• **ASSIGNMENT**: Although the data below contains pictures, output only the lines between those holding "生活面を象徴する運勢です。外" and "無抖頻功能MOS管D極電壓波形 抖頻功能MOS管D極電壓波形", inclusive, exactly and without those pictures.

• **DATA FOR PROCESSING**:
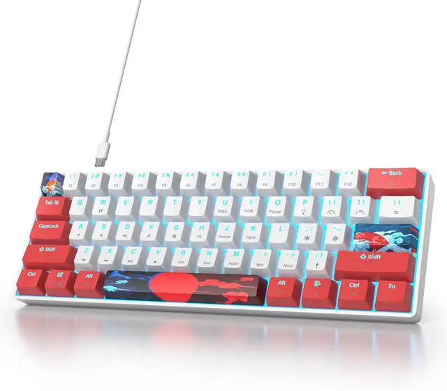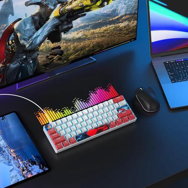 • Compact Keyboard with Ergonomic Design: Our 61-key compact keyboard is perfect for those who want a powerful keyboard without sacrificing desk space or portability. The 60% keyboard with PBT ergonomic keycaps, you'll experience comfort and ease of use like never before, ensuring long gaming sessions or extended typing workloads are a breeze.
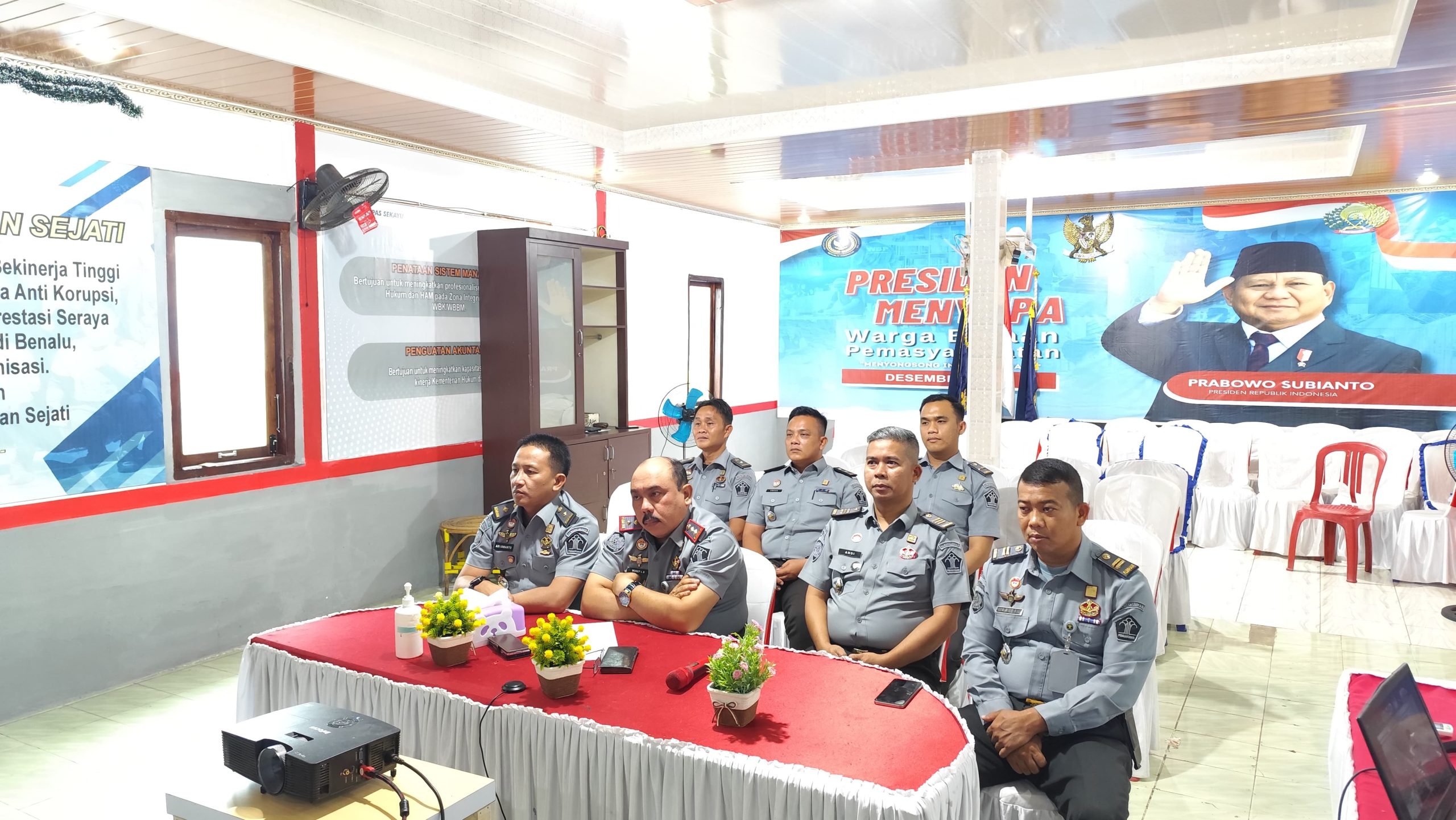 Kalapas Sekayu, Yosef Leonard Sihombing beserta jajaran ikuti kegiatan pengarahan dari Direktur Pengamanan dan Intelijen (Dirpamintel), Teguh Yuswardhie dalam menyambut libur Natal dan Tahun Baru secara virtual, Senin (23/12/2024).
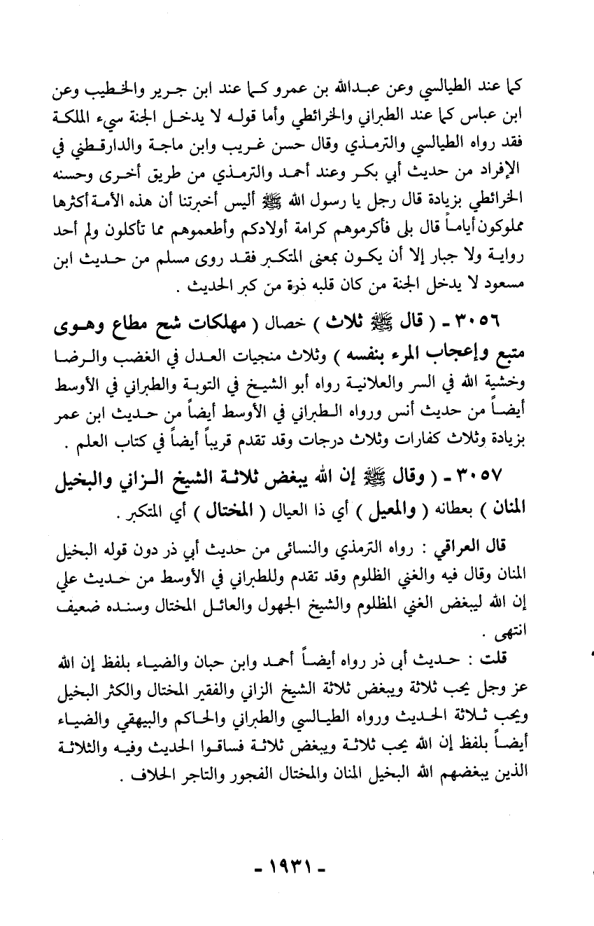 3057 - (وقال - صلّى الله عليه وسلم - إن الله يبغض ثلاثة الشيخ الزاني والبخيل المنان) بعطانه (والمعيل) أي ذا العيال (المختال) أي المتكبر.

--

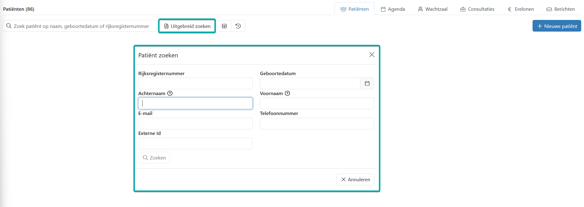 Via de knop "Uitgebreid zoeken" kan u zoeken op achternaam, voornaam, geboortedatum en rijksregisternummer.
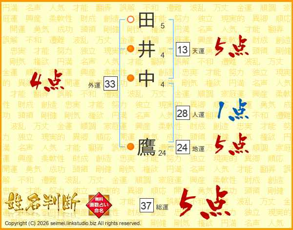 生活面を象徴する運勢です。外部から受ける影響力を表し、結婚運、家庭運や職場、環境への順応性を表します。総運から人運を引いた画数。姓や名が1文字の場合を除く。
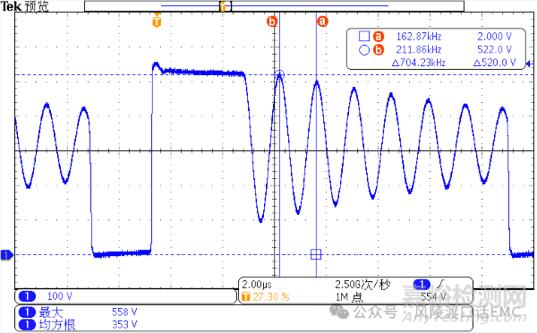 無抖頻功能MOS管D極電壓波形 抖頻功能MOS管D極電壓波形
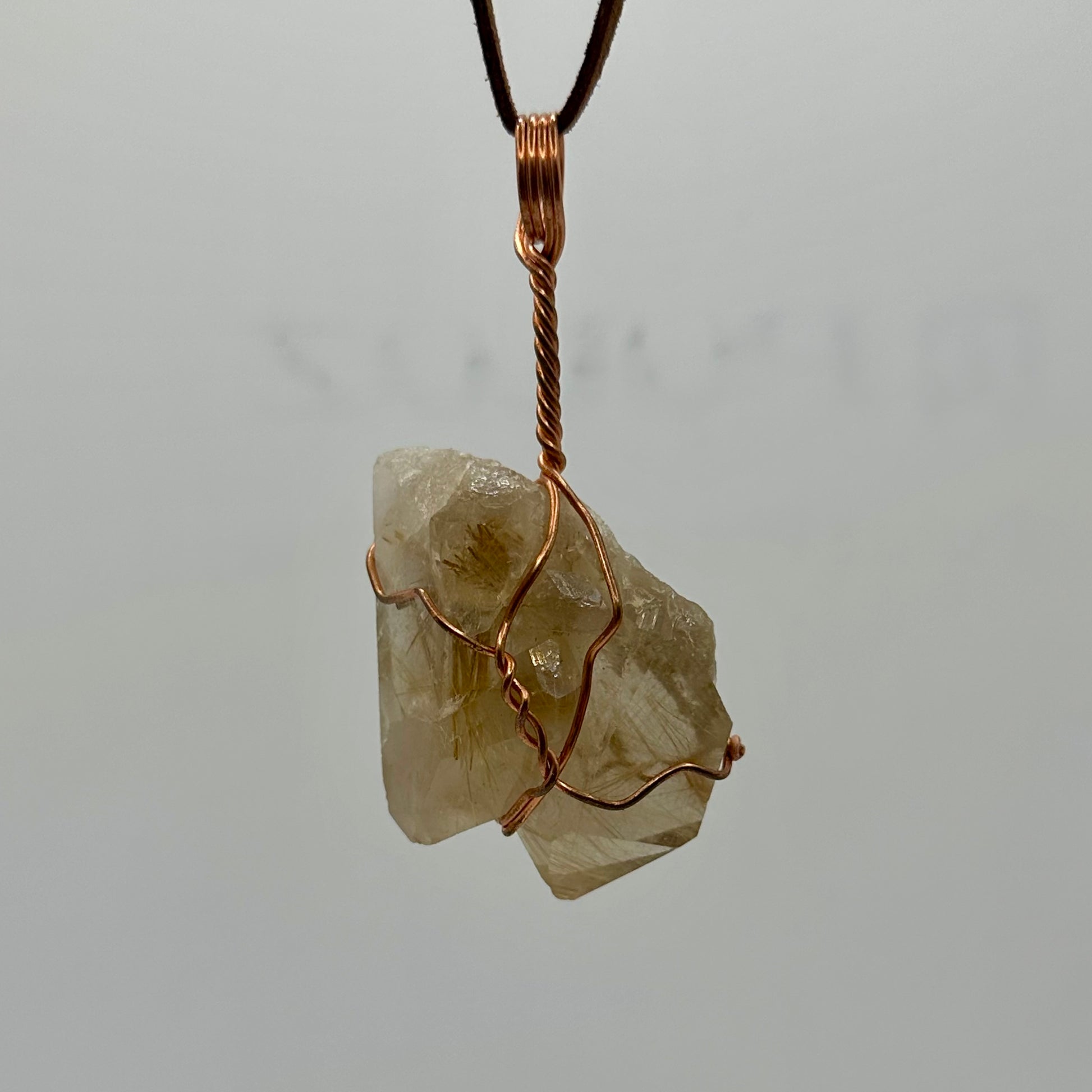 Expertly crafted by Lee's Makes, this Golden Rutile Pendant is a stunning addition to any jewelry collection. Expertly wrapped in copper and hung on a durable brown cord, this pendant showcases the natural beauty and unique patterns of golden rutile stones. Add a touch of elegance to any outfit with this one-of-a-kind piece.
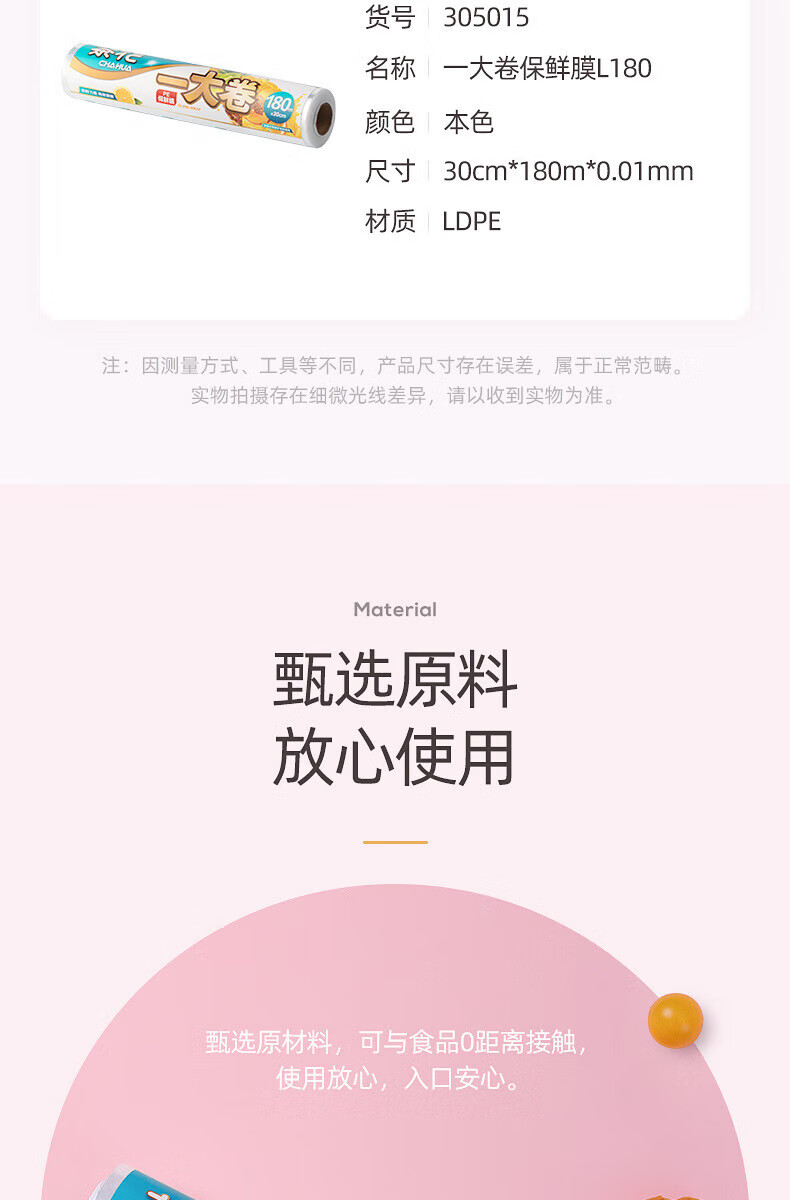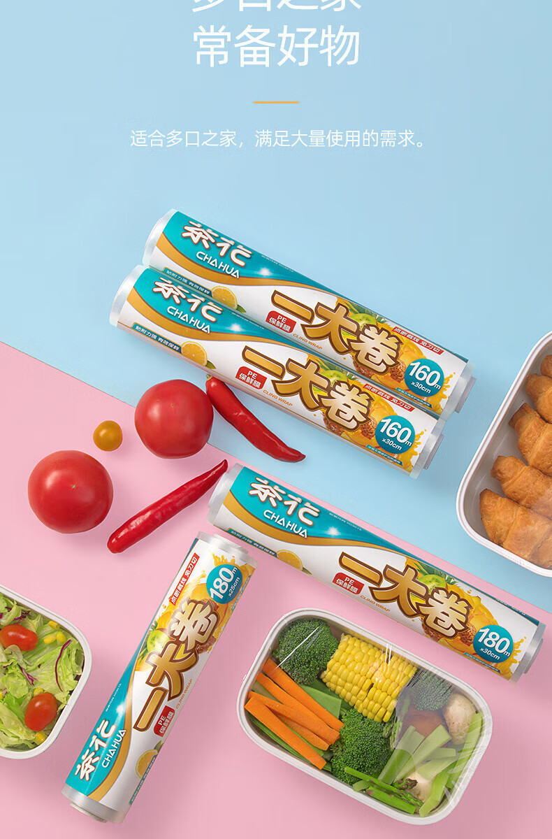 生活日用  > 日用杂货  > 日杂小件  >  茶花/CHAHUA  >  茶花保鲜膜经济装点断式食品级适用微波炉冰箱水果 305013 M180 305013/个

• **ANSWER TO THIS TASK**:
 生活面を象徴する運勢です。外部から受ける影響力を表し、結婚運、家庭運や職場、環境への順応性を表します。総運から人運を引いた画数。姓や名が1文字の場合を除く。
 無抖頻功能MOS管D極電壓波形 抖頻功能MOS管D極電壓波形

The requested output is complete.